═════ DATA TO PROCESS
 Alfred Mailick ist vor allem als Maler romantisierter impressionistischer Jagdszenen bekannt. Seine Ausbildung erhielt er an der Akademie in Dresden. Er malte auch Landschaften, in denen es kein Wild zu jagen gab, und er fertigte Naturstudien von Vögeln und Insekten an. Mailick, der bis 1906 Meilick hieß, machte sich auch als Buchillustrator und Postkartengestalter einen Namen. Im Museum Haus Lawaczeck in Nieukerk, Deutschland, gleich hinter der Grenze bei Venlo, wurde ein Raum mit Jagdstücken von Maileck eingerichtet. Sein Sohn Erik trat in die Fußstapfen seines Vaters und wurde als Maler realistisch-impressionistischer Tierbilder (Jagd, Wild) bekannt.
══════════
═════ DATA TO PROCESS
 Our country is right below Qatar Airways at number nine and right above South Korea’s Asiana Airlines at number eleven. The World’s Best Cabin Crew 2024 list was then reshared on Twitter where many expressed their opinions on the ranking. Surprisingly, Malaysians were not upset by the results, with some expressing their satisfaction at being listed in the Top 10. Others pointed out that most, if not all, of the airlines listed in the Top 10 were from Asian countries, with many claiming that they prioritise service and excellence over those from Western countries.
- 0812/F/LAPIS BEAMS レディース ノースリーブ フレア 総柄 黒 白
══════════
** TASK BRIEF **
Output the material above exactly, but only from the line that carries "Our country is" through the line that carries "- 0812/F/LAPIS BEAMS レディース ノースリーブ フレア 総柄 黒 白".

** TASK ANSWER **
 Our country is right below Qatar Airways at number nine and right above South Korea’s Asiana Airlines at number eleven. The World’s Best Cabin Crew 2024 list was then reshared on Twitter where many expressed their opinions on the ranking. Surprisingly, Malaysians were not upset by the results, with some expressing their satisfaction at being listed in the Top 10. Others pointed out that most, if not all, of the airlines listed in the Top 10 were from Asian countries, with many claiming that they prioritise service and excellence over those from Western countries.
- 0812/F/LAPIS BEAMS レディース ノースリーブ フレア 総柄 黒 白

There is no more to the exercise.